• What to work on
Look below for the line containing "Clarks Artisan Sandals" and the line containing "Black Bottle Riot"; repeat exactly those two lines and all lines between them, and nothing else.

• Source material
__________

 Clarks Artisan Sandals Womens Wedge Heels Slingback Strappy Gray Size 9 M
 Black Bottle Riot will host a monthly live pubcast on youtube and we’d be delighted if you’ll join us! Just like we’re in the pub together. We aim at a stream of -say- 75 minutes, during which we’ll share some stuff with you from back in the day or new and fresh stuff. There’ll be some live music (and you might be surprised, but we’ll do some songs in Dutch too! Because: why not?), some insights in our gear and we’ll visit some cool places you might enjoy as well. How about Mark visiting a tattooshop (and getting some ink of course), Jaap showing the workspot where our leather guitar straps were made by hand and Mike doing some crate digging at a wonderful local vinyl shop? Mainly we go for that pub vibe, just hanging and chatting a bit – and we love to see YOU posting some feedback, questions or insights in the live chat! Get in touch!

__________

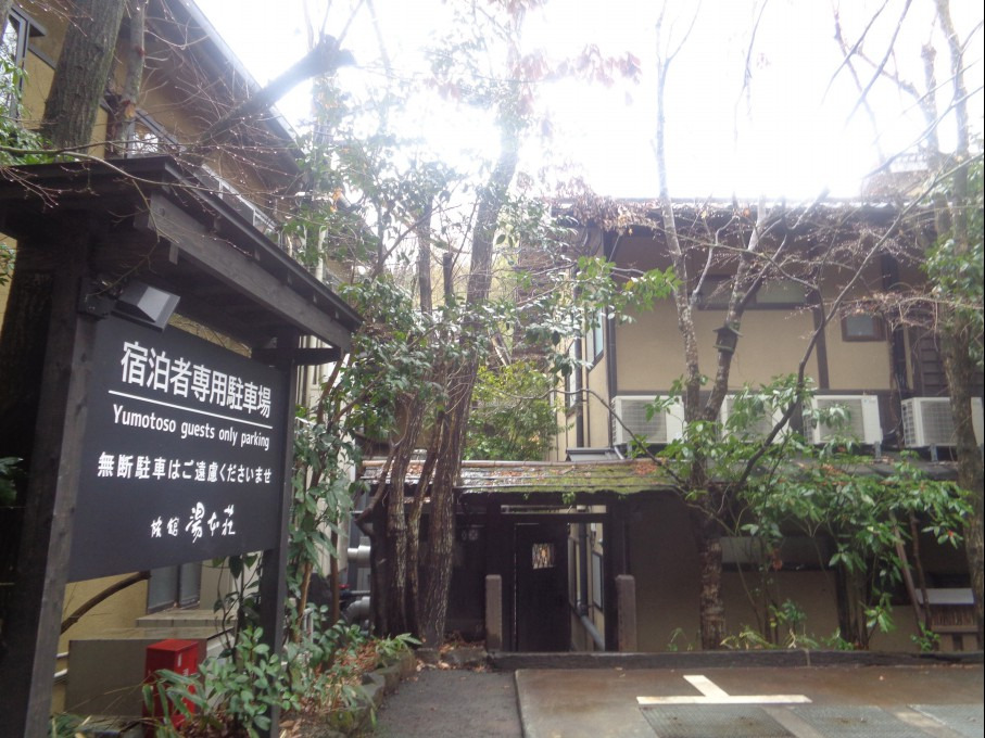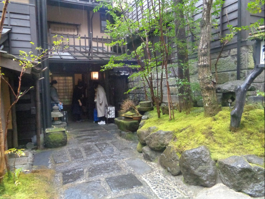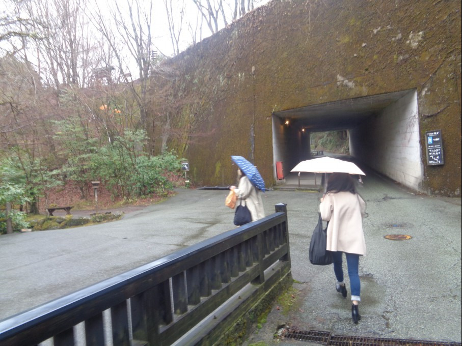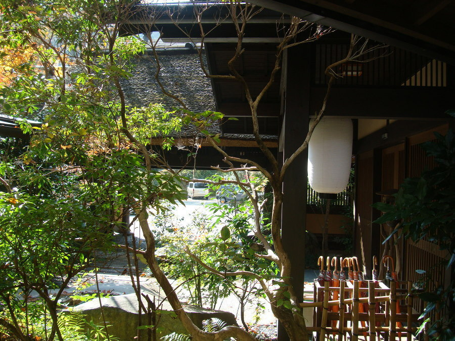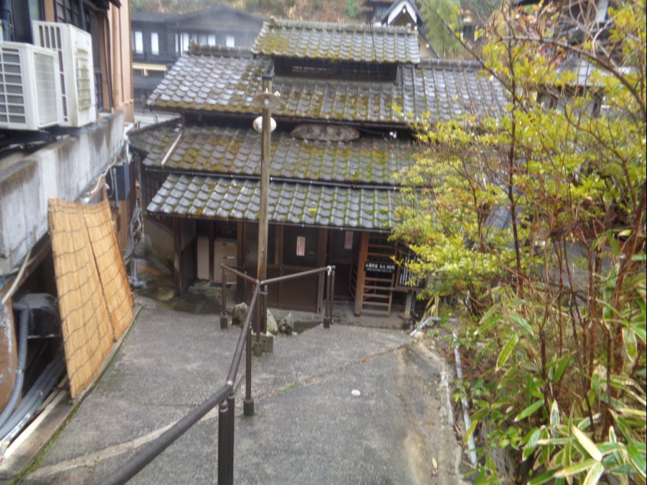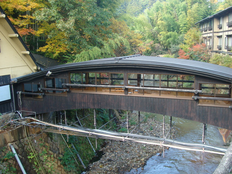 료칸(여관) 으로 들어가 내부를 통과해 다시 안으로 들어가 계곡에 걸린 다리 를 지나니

__________

• Answer box
 Clarks Artisan Sandals Womens Wedge Heels Slingback Strappy Gray Size 9 M
 Black Bottle Riot will host a monthly live pubcast on youtube and we’d be delighted if you’ll join us! Just like we’re in the pub together. We aim at a stream of -say- 75 minutes, during which we’ll share some stuff with you from back in the day or new and fresh stuff. There’ll be some live music (and you might be surprised, but we’ll do some songs in Dutch too! Because: why not?), some insights in our gear and we’ll visit some cool places you might enjoy as well. How about Mark visiting a tattooshop (and getting some ink of course), Jaap showing the workspot where our leather guitar straps were made by hand and Mike doing some crate digging at a wonderful local vinyl shop? Mainly we go for that pub vibe, just hanging and chatting a bit – and we love to see YOU posting some feedback, questions or insights in the live chat! Get in touch!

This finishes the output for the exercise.